**Information shown:**
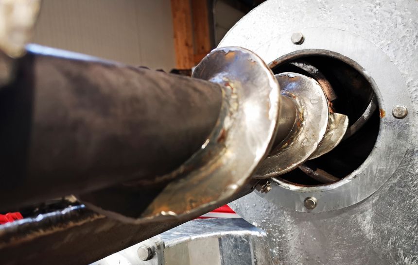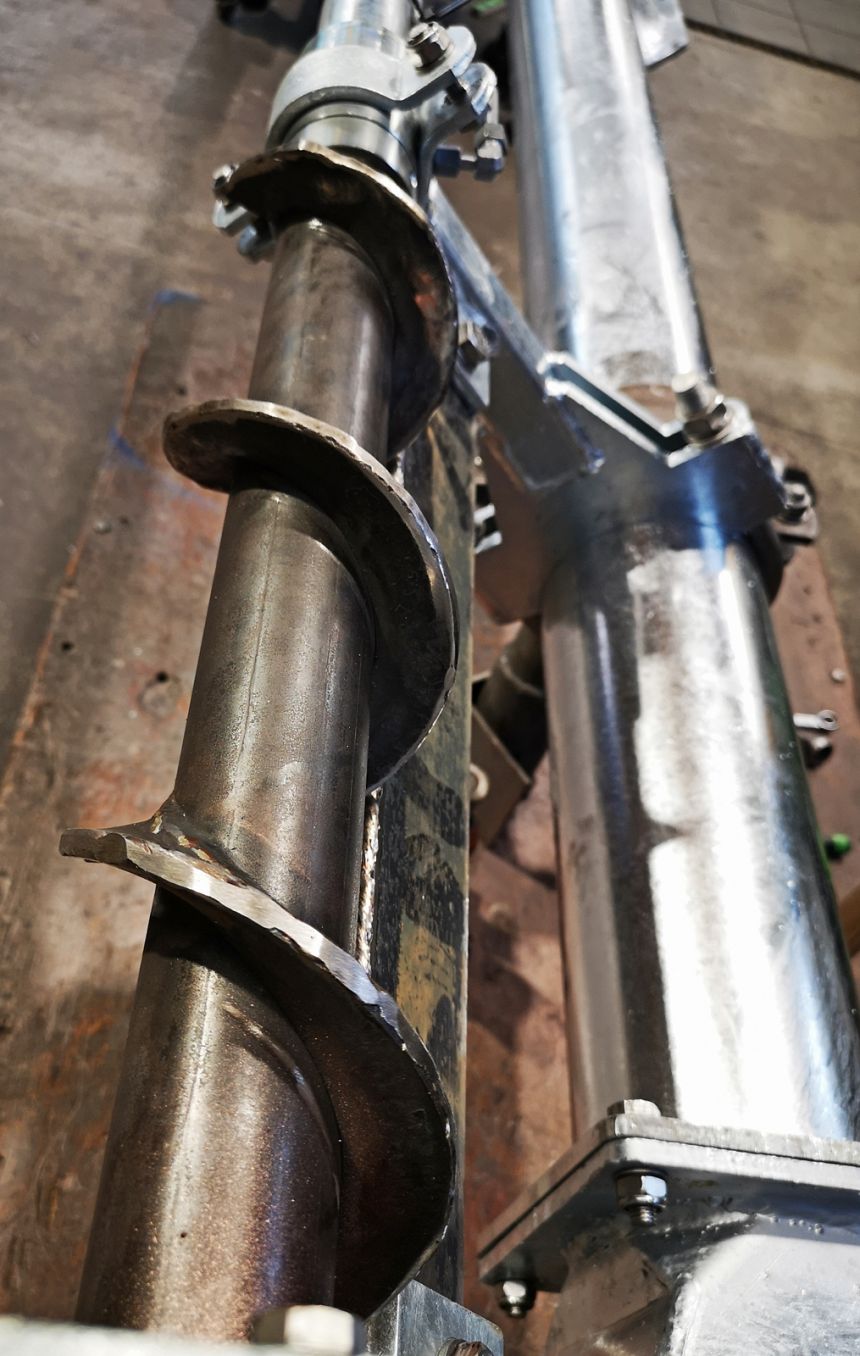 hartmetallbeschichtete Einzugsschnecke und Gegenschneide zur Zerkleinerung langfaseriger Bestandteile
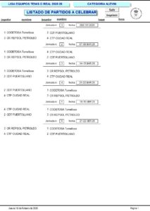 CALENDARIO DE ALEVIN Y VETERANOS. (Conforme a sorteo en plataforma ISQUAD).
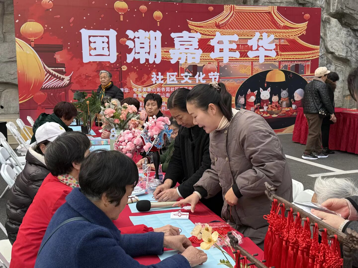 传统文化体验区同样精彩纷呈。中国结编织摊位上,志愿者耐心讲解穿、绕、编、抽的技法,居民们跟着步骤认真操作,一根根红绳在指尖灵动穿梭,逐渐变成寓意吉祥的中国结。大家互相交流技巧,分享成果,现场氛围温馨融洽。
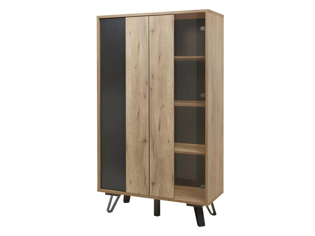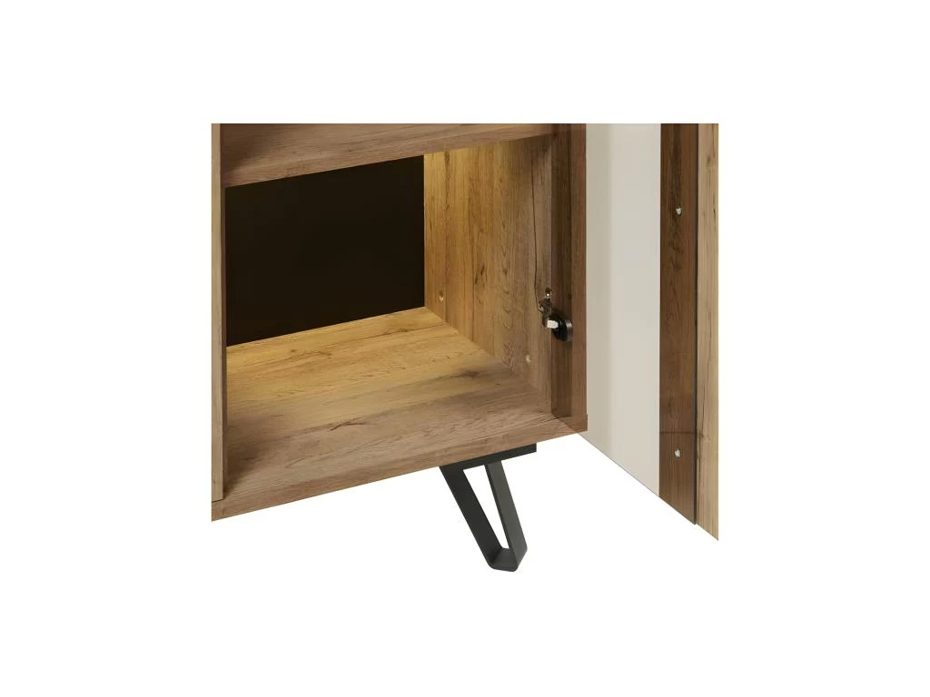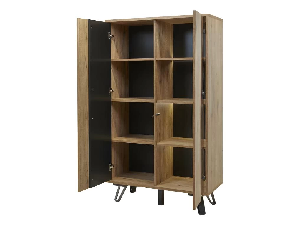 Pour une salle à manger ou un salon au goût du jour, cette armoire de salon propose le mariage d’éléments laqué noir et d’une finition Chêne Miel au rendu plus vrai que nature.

**Task requirements:**
Transcribe the material exactly, keeping every word and none of the pictures.

**The completed task:**
 hartmetallbeschichtete Einzugsschnecke und Gegenschneide zur Zerkleinerung langfaseriger Bestandteile
 CALENDARIO DE ALEVIN Y VETERANOS. (Conforme a sorteo en plataforma ISQUAD).
 传统文化体验区同样精彩纷呈。中国结编织摊位上,志愿者耐心讲解穿、绕、编、抽的技法,居民们跟着步骤认真操作,一根根红绳在指尖灵动穿梭,逐渐变成寓意吉祥的中国结。大家互相交流技巧,分享成果,现场氛围温馨融洽。
 Pour une salle à manger ou un salon au goût du jour, cette armoire de salon propose le mariage d’éléments laqué noir et d’une finition Chêne Miel au rendu plus vrai que nature.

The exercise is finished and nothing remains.